– Пойдем поймаем такси, – предложил Джон. – Отвезем его на тачке.
– Черт, время-то уже позднее. – Кроме них, американцев в «Метро» не осталось. Англичане тихо и сосредоточенно прощались по крайней мере с этим уголком Валлетты. С уходом личного состава «Эшафота» все стало более прозаичным и обыденным.
Клайд и Джонни подхватили Папашу под руки, спустились по лестнице мимо укоризненно взирающих на них рыцарей и вышли на улицу.
– Эй, такси! – закричал Клайд.
– Нет такси, – сказал Джонни Контанго. – Кончились. Господи, какие громадные звезды.
Клайд начал препираться.
– Давай я все-таки его отведу, – предложил он. – Ты офицер, и тебе не обязательно возвращаться на ночь на корабль.
– Кто сказал, что я офицер? Я простой матрос. Твой браток, брат Папаши. Сторож брату моему.
– Такси, такси, такси.
– И лаймы мне как братья, и все люди братья. Кто сделал меня офицером? Конгресс. Офицер и джентльмен решением Конгресса. Да эти парни в Конгрессе ни хера не сделают, чтобы помочь англичанам в Суэце. Туг они не правы, и насчет меня они не правы.
– Паола, – простонал Папаша и подался вперед. Но друзья успели его удержать. Его бескозырка давно исчезла.
Голова бессильно свесилась, волосы упали на лоб, прикрыв глаза.
– А Папаша, оказывается, лысеет, – сказал Клайд. – Ни разу не замечал.
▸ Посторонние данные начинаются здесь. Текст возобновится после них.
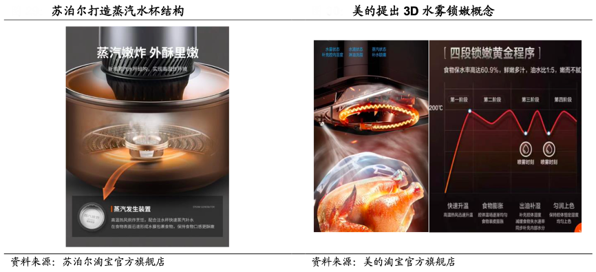 經(jīng)典案例:根據(jù)美的淘寶官方旗艦店、九陽淘寶官方旗艦店、國海證券研究所等綜合資訊表明,部分頭部廠商已經(jīng)將物聯(lián)網(wǎng)技術應用到空氣炸鍋產(chǎn)品,用戶可以通過手機 APP 遠程操控預約使用,例如九陽的“九陽健康管家”小程序提供各式各樣的食譜,美的通過“美的美居”APP實現(xiàn)遠程烹飪。
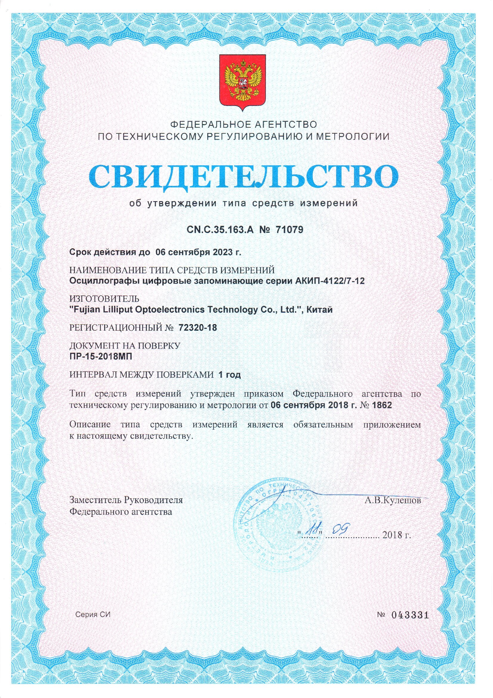 Межповерочный интервал 1 год
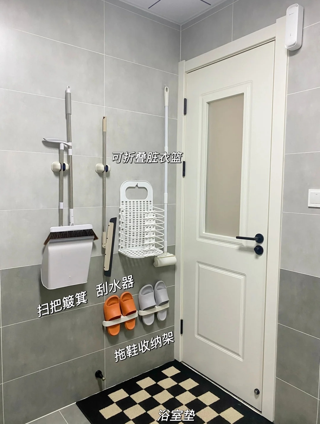 拖鞋置物架:拖鞋放上正好,可折叠脏衣篮:洗澡换下的衣服放进去很方便,不用的时候还可以折叠起来,可折叠扫把:可以折叠上墙,节省空间。
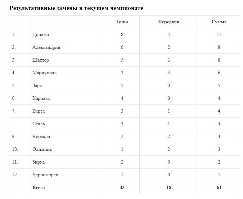 В текущем чемпионате футболисты, вышедшие на замену, забили 12% всех мячей, пишет zbirna.com. Пятая часть таких голов приходится на долю джокеров Динамо. В этом компоненте главный тренер киевлян Александр Хацкевич опережает всех своих коллег.

– Пока не выпьешь, ни черта не заметишь.
Пошатываясь, они побрели по Кишке, время от времени криками призывая такси. Такси нс отзывались. Улица казалась тихой и пустынной, но это впечатление было обманчивым: чуть впереди, там, где начинался подъем к Королевской дороге, раздалось несколько резких взрывов, а из-за угла донесся гул огромной толпы.
– Что это? – спросил Джонни. – Революция?
Хуже – там шло побоище между двумя сотнями королевских десантников и тремя десятками моряков с «Эшафота».
Клайд и Джонни дотащили Папашу до угла поближе к своим.
– О-го-го, – сказал Джонни.
От шума Папаша очнулся и принялся звать жену. В воздухе мелькали ремни, но битых пивных бутылок и боцманских ножей не наблюдалось. Может, их просто не было видно. По крайней мере пока. У стены стоял Дауд, перед которым выстроилось человек двадцать десантников. Из-под его левого бицепса выглядывал еще один Килрой, который в данной ситуации мог бы сказать лишь одно: «ДАЕШЬ АМЕРИКАНЦЕВ». Должно быть, где-то в толпе сновал Лерой Язычок и колошматил англичан дубинкой по ногам. Что-то красное с шипение описало дугу в воздухе, упало возле Джонни Контанго и взорвалось.
– Петарды, – определил Джонни, отскочив фута на три в сторону. Клайд тоже отпрянул, и Папаша, оставшись без опоры, повалился на землю. – Давай-ка уберем его отсюда, – сказал Джонни.
Однако путь им преградили зашедшие с тыла морские пехотинцы.
– Эй, Билли Экстайн ! – закричали десантники, сгрудившиеся перед Даудом. – Билли Экстайн, спой нам песню!
Справа залпом рванули петарды. Рукопашный бой пока шел главным образом в центре толпы. На периферии пихались и толкались любопытные. Дауд снял бескозырку, расправил плечи и запел «Повсюду вижу только вас» . Десантники онемели. Вдали прозвучал полицейский свисток. Где-то в самой гуще боя раздался звон разбитого стекла. Толпа отхлынула концентрическими волнами. Несколько морпехов, попятившись, споткнулись о Папашу, который по-прежнему лежал на земле. Джонни и Клайд бросились спасать Папашу. Стоявшие рядом моряки ринулись на подмогу упавшим морпехам. Стараясь не привлекать внимания, Клайд и Джонни подняли своего подопечного под руки и украдкой поволокли его прочь. Позади них началась стычка между морской пехотой и моряками.
– Полиция! – послышался чей-то крик. Громыхнули еще полдюжины бомбочек с вишнями .
Дауд закончил песню. Раздались аплодисменты, и десантники потребовали:
– Теперь спой «Прости меня» .
– Это что же за песня? – Дауд почесал в затылке. – Та, что начинается: «Прости мне всю ложь и все горе, что я тебе причинил», да?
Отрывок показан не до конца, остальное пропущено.